Fat Daddy waved her off.
"It's them gawt damt."
Fat Daddy dreams. red.
"Peppers."
Confusion farted out of Mary between cramping's crinkled folds.
"Whut Deddy?"
He leaned forward in his recliner, straining.
"It's dem peppers. They give you."
He lifted half ass and blew.
"I aint et no peppers Deddy."
Fat Daddy fiddled on the coffee table. The Pepto lay under his Home and Garden magazine. He waved the bottle up and down, left and right. A B-movie priest warding off Nosforatu, or oily meatballs.
"You teck this."
Mary held her paunch, rocking back and forth by inches.
"I need."
Mary dreams, stirruped shanks.
Fat Daddy strutted to the television and yanked it off, then took long cowboy strides towards his daughter's churning body. But fear squeezed his innards, and he froze in the archway. His Pepto rattled in a shaking fist.
"Teck you some of this."
She used the sink to steady her frame, the dreams. Albino deep in deep woods, dry twig snapped. Mary heard the water's flow. She turned to the faucet. Dry as the fat man's soul. Her neck bent down. She found the drip. Yellow before the contraction hit. The contraction is red, like a pepper. Mary fell on her rump, landing in a swamp of pee-pee and broken dishes.
Mary howled.
"Deddy!"
but Fat Daddy fled the scene. Back to TeeVision and cigarettes, muttering
"Mah progrum's on May program's on"
as Mary wept.
He tilted the volume full blast and sank; exhausted, old, and corpulent into a carmine nest.

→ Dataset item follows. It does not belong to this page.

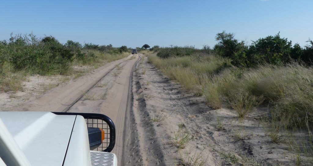 Our travel planning was from the start incredibly flexible, and now we grant it its third (or fourth?) update: We’re meeting a German development aid worker who only shrugs at our further planning: “Further into the Central Kalahari? No, no—that’s only for people who want nothing more than to drive all day in deep sand and occasionally shovel the car free.” This year the grass there is so tall that elephants can hide, and you might only see giraffe necks.

Mary's voice drifted above electrophonic noise.
"Deddy, I need a docter, I think I"
Fat Daddy threw the Pepto at Mary. It bounced off a foot. He turned away. his face set.
"It's just peppers. gotdamit."
Mary eyed her father through sweat-matted locks. She spit. Whether she was aiming for Fat Daddy or linoleum tile, it came out a brackish and bloody drool skimming the hem of her dress. She reached for a chair with her toes, pulled it towards her and tried to ease up. The piss made her slip, but she righted herself right well, then shuffled towards the door, grabbing keys from a nail in the wall.

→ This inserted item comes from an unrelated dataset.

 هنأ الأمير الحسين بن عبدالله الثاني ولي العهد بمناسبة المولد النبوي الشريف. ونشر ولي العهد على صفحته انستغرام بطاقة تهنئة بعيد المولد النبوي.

Fat Daddy slid his eyes over her thick haunch.
"Whur you gon?"
"Deddy help me. This yur fault."
But he crossed his arms, a bitter, withered old buzzard, alone with his 6:00 TV news. Mary opened the screen door and eased down wooden planks. She hobbled barefoot through grass and weed as the afternoon burned purple-brown around her. Fat Daddy ignored the child for his world in a box.